Now, place those disparities in relief against the realities of Mississippi women’s reproductive health and experiences of motherhood. They are atrocious: In 2019, nearly a quarter of all births in Mississippi are to parents who live in maternal health care deserts; nearly half of Medicaid covered mothers reported no postpartum visit. Children fare no better. Mississippi has the country’s highest infant mortality rate and the highest poverty rate in the nation, with 28 percent of children living in poverty.

The Future Of Women’s Health And Equality

Alito’s opinion reveals not just the Court’s readiness to overturn nearly 50 years of the Constitutional protection for legal abortion. It gives the Court permission to distance itself from any of the consequences its decisions have for the lives of real people, especially the most disenfranchised and marginalized.

At oral argument, Justice Brett Kavanaugh suggested that the Court must use “scrupulous neutrality” in the abortion debate to avoid having to “pick sides.” In essence, this court wishes to wash its hands of the issue and let the chips fall where they may. At the end of the opinion, Alito matter-of-factly states, “we do not pretend to know how our political system or society will respond to today’s decision overruling Roe and Casey. And even if we could foresee what will happen, we would have no authority to let that knowledge influence our decision. We can only do our job, which is to interpret the law…”

In other words, what this decision will mean for women’s health, safety, autonomy, and equal opportunity and for the well-being of their children is of no consequence to this court.
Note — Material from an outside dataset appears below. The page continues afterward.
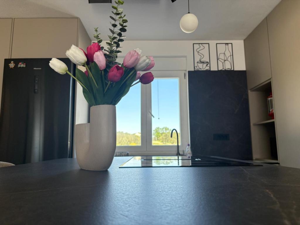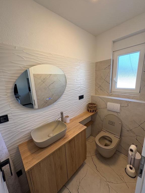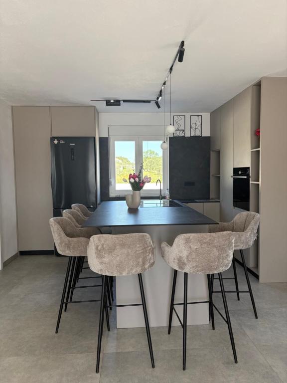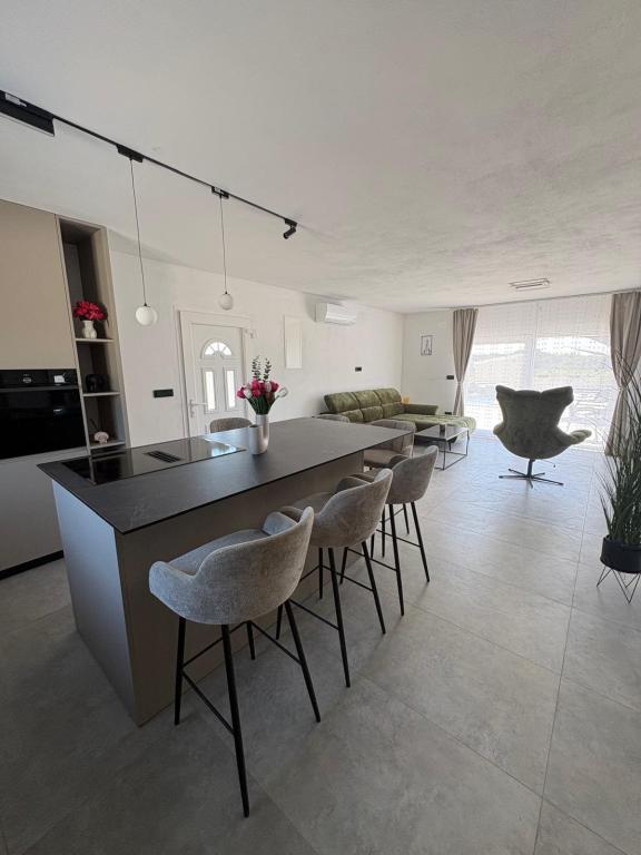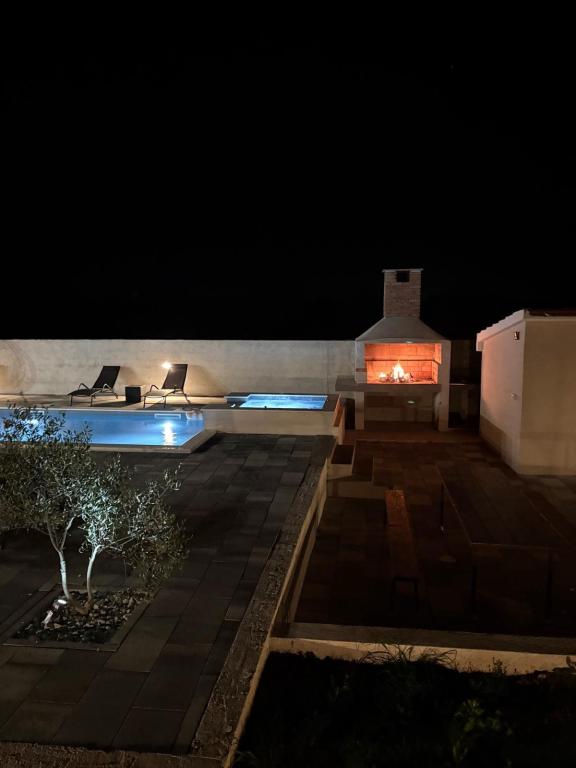 Casa de vacanță este situată în inima unei plantații de măslini, la doar 2 km de mare și este un loc ideal pentru o vacanță completă în liniște și pace. Înconjurată de natură, oferă un sentiment de intimitate departe de aglomerația orașului. O atmosferă specială este oferită de piscina încălzită, perfectă pentru a vă bucura de zilele de primăvară și vară. Grădina spațioasă este un spațiu ideal pentru activități în familie. La primul etaj al casei se află 3 dormitoare cu paturi duble și o baie mică. Al treilea dormitor are, de asemenea, un balcon cu o priveliște frumoasă asupra vegetației, iar la parter se află o bucătărie spațioasă și un living. Casa de vacanță Frano este o alegere ideală pentru dumneavoastră, deoarece combină confortul naturii și apropierea de mare, oferindu-vă tot ce aveți nevoie pentru un sejur de neuitat. Casa este dotată cu toate electrocasnicele și un șemineu exterior.

Alito’s texualist and originalist approach to constitutional interpretation presumes that there is one correct interpretation and that courts should play no role in considering the practical implications of their decisions.

But courts, including the Supreme Court, consider the practical and social impact of their decisions all the time. As constitutional scholar Melissa Murray has pointed out, in overruling the legal doctrine of “separate but equal,” the Court in Brown v. Board of Education considered a broad range of social science evidence regarding the effects of racial segregation on educational opportunity and on Black children’s psychological health. The draft opinion’s refusal to consider the practical effects of their decision on women underscores the conservative capture of the court and further deepens the loss of Justice Ruth Bader Ginsburg.

Ginsburg, mostly in dissent, consistently reminded the court’s majority of the realities of women’s daily lives and health, often citing medical and public health evidence. To Ginsburg, abstraction and exclusion of women’s lives in the name of neutrality has long been used to obscure injustice. She saw that the Court’s chipping away at Roe by sanctioning state restrictions on abortion was most harmful to low-income women.

In a 2019 interview with the BBC, she warned that women and their allies should care about abortion rights the way they did in 1973, lest those rights be completely eroded. With the leak of Alito’s draft opinion and the likelihood that the Court will overturn Roe and Casey in June, it is well past time for the majority of Americans who support legalized abortion to take her admonition seriously.